Archive for April 24, 2010

Unreal reality- the sorrow that chokes

I have learned a great deal , more than I ever wanted to know, in the past few months. I am incredibly tired and spent by the “education”.

In the Jean Paul Sartre play “No Exit” the line delivered ” Hell is other people” has come to my waking nightmare that my life has become.

I am in pieces , fragmented , flotsam in a sea of grief, my direction dependent upon the current of others.

Part of me is dying, part of me is fighting, loving , nurturing . protecting , grieving. I am a confusion of thoughts and emotions. I am no longer me-

Some mornings, as I wake to a sky still dark, I am unsure of what is real and what is a nightmare. My nightmare of reality soon becomes clear and then there are those waking moments where the confusion as to what is my reality bides a while longer.

Source

Is my body ( brain) in order to protect the other parts of “self” loathe to “wake” me to my reality?

Can the nightmares of my sleep be less stressful that the nightmare of my reality? Can the blurring of waking to what is real in my world and the stuff of nightmares give a respite to my body?

This is so new to me – Grieving for my child, my son – a gut wrenching heart ache that rips through your very insides , hourly , daily wearing away at courage , a lack of healing compounded by”other people” – who seem to want to punish us – those that loved him – perhaps too well?

Can you love someone too much who was part of your mind and body completely from that first miraculous spark that became a life, a child inside you?

A being that shared your heartbeat, your emotions , your fears , your laughter , your tears , your thoughts, your very bodily functions and was a part of you totally for the first months of their life. That child that was in essence YOU , the mother that carried him.

A woman gives a child everything from her body as she nurtures the being that will in a few months be torn from her womb in pain and emotion . That child of her body remains in her heart and in her very being for the rest of her life.

Can one who has only been a wife and not a mother understand the all consuming self sacrificing love that grows as the child grows and does not lessen with time but is magnified by the sharing of days?

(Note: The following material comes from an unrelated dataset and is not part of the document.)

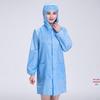 Unisex Anti-Static Dustproof Lab Coat with Hood - Long Sleeve, Blue/White for Cleanroom & Workshop.

When death comes to the child before the mother ( no matter the time frame) there is once again a tearing in her body and soul and a pain that cannot be relieved as the pain of his birth was relieved by the happiness of your child’s cry as he entered the world .

The intensity of love that first filled you as you first held your child in your arms , compounded by the months when you shared a body, whose souls touched and intermingled as life grew and a life essence that is still within you no matter the passing of the years.

I am getting old and weary, I tried to fight the obscenity ( Cancer) that took my son from those that loved him – I tried to do everything and anything to give him his life , I questioned, researched, pleaded and prayed and when the time came to take him off a vent I had to let him go.

Now in my gut-wrenching sorrow my grieving has been sullied – taken from me by “love”- another kind of love perhaps one that is foreign to me a “self” ish love – I don’t know anymore I am drowning in my sea of sorrow battered on the shore of cruelty and selfishness……………….

I know not the way to grieve, to lessen the pain of those I love and whose mother I am still. I am as a wave crashing on a rocky shoreline, fragmented , to be sucked out to sea of grief only to be pummeled once more of the rocks of “other people and my own part of hell”.